Becoming a space warfighter at Schriever Air Force Base, Colorado.

Becoming a space warfighter at Schriever Air Force Base, Colorado. (U.S. Air Force graphic by Airman 1st Class Jonathan Whitely)


The 50th Operations Support Squadron is responsible for training future space warfighters at Schriever Air Force Base, Colorado.


Senior Airman Jelani Alcott, 50th OSS GPS satellite system operator instructor, said it is important for the warfighters of Schriever AFB to perform their jobs at an elite level.


“It is the job of the 50th OSS to provide the fundamentals and ground work for new and cross training Airmen to understand the systems they will work with,” he said. “We break down exactly what we do and put our students in the advanced warfighter mindset. We need to break down how they previously thought about how things work and teach them how space works.”


Alcott said although Schriever Airmen go to Vandenberg AFB, California, for technical training, they report to the 50th OSS at Schriever AFB, to learn specifics of how to work on an operations floor with the latest technology.


“By having our advanced training here, we’re able to ensure Airmen are more up-to-date on changes [to the systems], have more on-the-job training, and familiarize themselves with their future co-workers, leadership and the operations floors they will work on.”


Alcott said the 2nd Space Operations Squadron courses last anywhere from one to five months, with the average class having five students.


“The training taught by the 50th OSS is much more specialized than what is taught at Vandenberg,” he said. “While Vandenberg does a fantastic job of creating an understanding of space and our operations, we teach our warfighters the specific details on how to perform [their unit’s mission].”
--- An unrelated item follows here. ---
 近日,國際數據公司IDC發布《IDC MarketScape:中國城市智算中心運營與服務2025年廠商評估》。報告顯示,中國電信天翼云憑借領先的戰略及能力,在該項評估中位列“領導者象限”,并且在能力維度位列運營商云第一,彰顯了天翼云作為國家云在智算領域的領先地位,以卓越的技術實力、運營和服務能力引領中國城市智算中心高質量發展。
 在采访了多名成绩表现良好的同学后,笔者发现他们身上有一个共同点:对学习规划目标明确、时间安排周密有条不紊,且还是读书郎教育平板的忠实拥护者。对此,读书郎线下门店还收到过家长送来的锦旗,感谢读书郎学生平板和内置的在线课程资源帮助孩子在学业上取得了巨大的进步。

Alcott said although enlisted personnel come directly from technical training, officers typically go from their commissioning source to Schriever AFB then to Vandenberg AFB for training and back to Schriever AFB for training with the 50th OSS.
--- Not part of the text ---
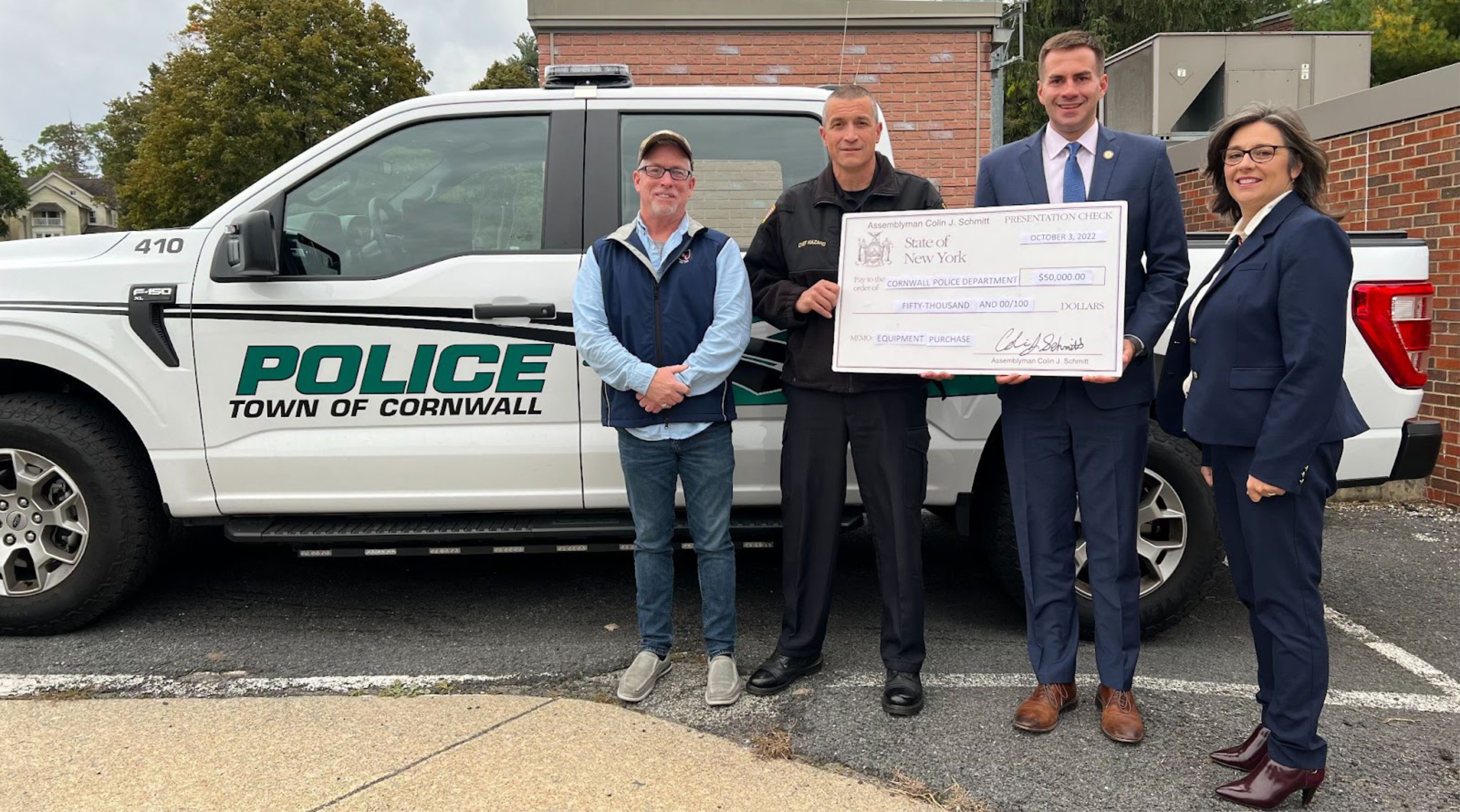 The Town of Cornwall Police Department has received a $50,000 grant toward the purchase of a heavy-duty rescue vehicle. The grant money was presented to Cornwall Police Chief Todd Hazard today by New York State Assemblyman Colin Schmitt.

“Officers focus more on administration and authorization,” he said. “For 2 SOPS, officers go through the satellite vehicle operator portion of the course, which covers more [information about] commanding, ensuring the [satellite] constellation is healthy, verifying commands, and making decisions on what actions need to be taken.”


Alcott said the 50th OSS has different instructors that train Airmen for assignment to the 1st SOPS, 2nd SOPS and 4th SOPS, all of which have missions with a global impact.


“An error with even just one of our satellites can have world-wide effects,” he said. “If our signal is inaccurate, if there is a signal degradation in the area, [an emergency responder] could go into the wrong house or to the wrong location, which could lead to a loss of life.”


Alcott said Airmen are required to score 80 percent or higher, successfully pass simulations and a final evaluation to graduate.


“By continually [developing] elite warfighters, we’re evolving space and cyberspace warfighting superiority,” he said.


Alcott said he enjoys being an instructor for the 50th OSS.


“It’s extremely rewarding to be an instructor,” he said. “Seeing your students grow and learn discipline, the command structure, crew communication and how our systems work, it’s really rewarding.”


Alcott said he hasn’t had a student fail a class yet.


“Despite my high expectations and [the] difficult coursework, the students continue to amaze me,” he said.


Airman 1st Class Phillipe Breault, 50th OSS student, said he is proud to be a part of the squadron.


“Being a part of the 50th OSS is special,” he said. “They have a legacy of success and a long history of [training] professional space warfighters.”


Breault said he feels more prepared to be assigned to a unit.


“With the classes I’m taking through the 50th OSS, I’m more confident in my abilities to perform my job,” he said. “The training I’m receiving is phenomenal and although there are times when [the coursework] can get tough, I’m excited to go to my unit and perform the duties I was taught.”